La théorie des conflits est une composante classique des programmes de science politique tout particulièrement dans le monde anglophone, où elle se développe en théorie de prévention ou théorie de résolution des conflits. Parfois associée à des réflexions incluant la psychologie, voire la neurologie, ou encore la théorie des jeux, la théorie des conflits couvre un large spectre d’interventions.

Le séminaire prendra pour perspective la théorie politique, discipline fondamentale de l’étude des collectivités humaines.

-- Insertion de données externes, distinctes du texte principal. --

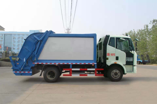 6、解放J6壓縮式垃圾車可選配后掛桶翻轉機構或垃圾斗翻轉機構,作業自動化,垃圾收集方式簡便、高效,還可按用戶要求改裝成各專用用途垃圾車。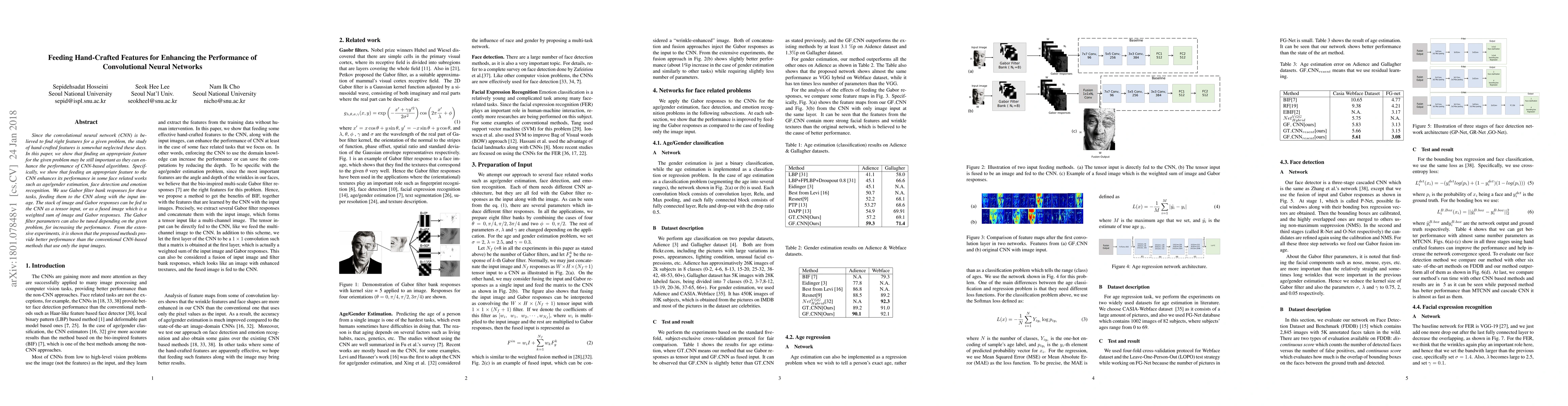 Since the convolutional neural network (CNN) is be- lieved to find right features for a given problem, the study of hand-crafted features is somewhat neglected these days. In this paper, we show that finding an appropriate feature for the given problem may be still important as they can en- hance the performance of CNN-based algorithms. Specif- ically, we show that feeding an appropriate feature to the CNN enhances its performance in some face related works such as age/gender estimation, face detection and emotion recognition. We use Gabor filter bank responses for these tasks, feeding them to the CNN along with the input image. The stack of image and Gabor responses can be fed to the CNN as a tensor input, or as a fused image which is a weighted sum of image and Gabor responses. The Gabor filter parameters can also be tuned depending on the given problem, for increasing the performance. From the extensive experiments, it is shown that the proposed methods provide better performance than the conventional CNN-based methods that use only the input images.

Renvoyant à la philosophie, elle nous fournit les concepts, c’est-à-dire les matrices d’analyse, qui nous permettent d’aborder les questions que la vie politique soulève non seulement à partir des faits qui la manifestent mais à partir du sens qui les rend intelligibles et disponibles au traitement d’une science sociale (en l’occurrence la science politique). Cependant, contrairement à la philosophie politique, qui a pour objet d’intégrer la politique à une conception fondatrice et universalisante, la théorie politique est régionale et empirique : elle prend pour objet une région de l’univers bien particulière, les rapports collectifs à l’horizon du pouvoir, et respecte les règles de la neutralité axiologique. Son but n’est pas normatif, il n’est pas essentiellement de dire quelle est la bonne vie politique ou sociale (il peut l’être accessoirement) mais de comprendre quel sens cette vie possède. La théorie politique, à la différence de la philosophie, déconnecte la question du sens et celle de la valeur.

Conçu comme un cycle pluriannuel auquel les étudiant/es de doctorat sont invité/es à se joindre, le séminaire de Master sur la théorie des conflits abordera pour sa première édition les différents aspects de la conflictualité de manière synoptique à partir d’une question fondamentale : quelle place les conflits prennent-ils dans la définition même du social ? Le caractère large de cette interrogation implique nécessairement des choix et ceux-ci sont d’autant plus drastiques que la pensée de la lutte, du conflit, de la guerre, traverse l’intégralité de la réflexion philosophique depuis l’antiquité. On verra que, finalement, le conflit est pensé sur des registres somme toute limités en nombre : il peut signifier une limite, une fondation, ou bien une absence, dans la conception de l’existence collective, ces différentes dimensions n’étant d’ailleurs pas forcément exclusives (le conflit peut être conçu comme fondateur précisément parce qu’il désigne une absence préalable de relations sociales). Compte tenu de l’intrication de ces différentes perspectives, on s’intéressera à leur mise en œuvre à travers la dualité du politique (I) et du social (II).